Sometimes it feels like the 21st century is carrying us backward, not forward along the current of time. The covid plague is itself a gigantic throwback to the past, reminding us of the 1918 flu epidemic, of the recurrent waves of Black Plague, of smallpox and tetanus, of typhoid and cholera, all of which were commonplace before Louis Pasteur brought us vaccines and sanitation. Since the contagion arose, I’ve taken up a time-consuming habit of my mother’s, something she was taught to do by way of keeping her family healthy.
I grew up in a God-forsaken American camp in Saudi Arabia. In those days, the Third World was seriously the Third World, and the U.S. hadn’t been “First World” long enough for any such concepts to have taken root in the psyches of my parents and grandparents. The company — Aramco — coached all the women on sanitation practices to protect their families’ health. (Married women were not allowed to work for the company; single women came out as teachers or nurses, but if they married someone they had to quit their jobs.)
(Yes, Virginia, that WAS life in the 1950s!)
My mother had been taught that every single piece of produce had to be washed — thoroughly! — in soap and water. This was because most of the produce sold through the commissary was grown in the Middle East, where at the time agricultural fields were commonly fertilized with human waste. Amoebic dysentery was endemic…and believe me, that was an ailment you did not want to catch.
So that’s exactly what she did: every apple, every orange, every green bean, every whatEVERedible was washed manually. Lettuce and cabbage were soaked in a sinkful of dilute Clorox and then rinsed thoroughly before going into the refrigerator. We couldn’t have strawberries or raspberries or the like, because they couldn’t be sanitized in any rational way. Even a melon had be washed with soap and water: a blade slicing into an unclean melon would smear any pathogens on the skin across the melon’s flesh.
And y’know what? Washing every single piece of produce before it comes into the kitchen is THE biggest PITA that came down the pike.
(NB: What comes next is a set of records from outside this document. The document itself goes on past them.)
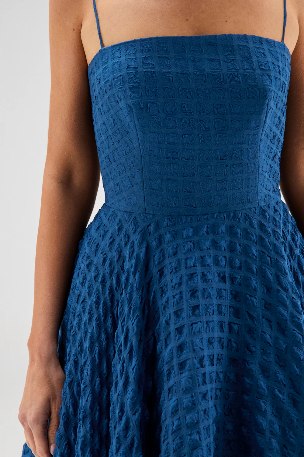 El modelo PILAR FUCSIA es una vestido de escote recto con tirantes finos y corte midi hasta el tobillo. Está confeccionado en organza gofrada color azul, un tejido estructurado y ligeramente rígido.
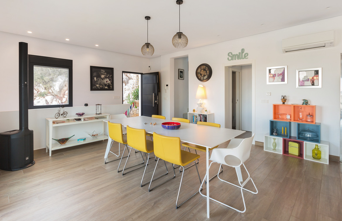 A spacious, bright living room with open kitchen and dining area are at the same level as the terrace and pool, connected by large windows, providing the necessary functionality and comfort to fully enjoy everyday life and shared moments. An office space decorated with the same natural mountain stone is the ideal place to work from home in peace and the three bedrooms are ideal for hosting family and guests.
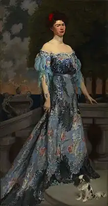In 1903 Archbold's portrait was painted by Frederick William MacMonnies.[1] That same year she started construction of Archbold Cottage at Bar Harbor, Maine, based on a model Archbold had had made while in Paris. Finished in 1904, the cottage was designed by Frederick Lincoln Savage and inspired by villas Archbold had seen in Tuscany. It featured a terraced garden with fountain and 12 stucco arches overlooking a forest, mountains and the ocean. From the principal bedroom a spiral staircase led to a tower with panoramic views and a bathroom. A local newspaper described it as one of the most unique homes in Bar Harbor and as Savage's most exotic and unusual commission. The structure burnt down in 1947.[2][3]

It’s nicely exacerbated by having to squirt every cardboard or plastic package and every tin can with disinfectant and rub it down before it can be busted open. Ugh!
It makes shopping powerfully aversive.
I think of my mother having to do that for every shopping trip over TEN YEARS…that’s how long we lived in the godforsaken place. Good grief.
No wonder she had one (count it, 1) shopping day per week!
That’s about what I’m doing, too: limiting the shopping trips to as few junkets/month as possible.
We thought it was oh! so wonderful when we came back to the states and didn’t feel that every bite of produce had to be thoroughly washed with strong soap or detergent and dipped in Clorox. One might rinse it off, but one didn’t feel that every apple and orange and can of soup had to be sanitized.
That was back when America was a “first-world country” because it was one of the only countries in the world that had a USDA and regulations that inflicted some control over the sanitation of groceries sold in stores.
No so, anymore. These days much of our food comes in from countries where farmers can’t read the (English-language) safety instructions on the toxic insecticides and some still fertilize crops with horse manure and human manure. Really, if you were at all fastidious (or in the know about imported produce), you’d dunk all your produce in a sudsy bath of Dawn detergent and water, covid-19 or no covid-19.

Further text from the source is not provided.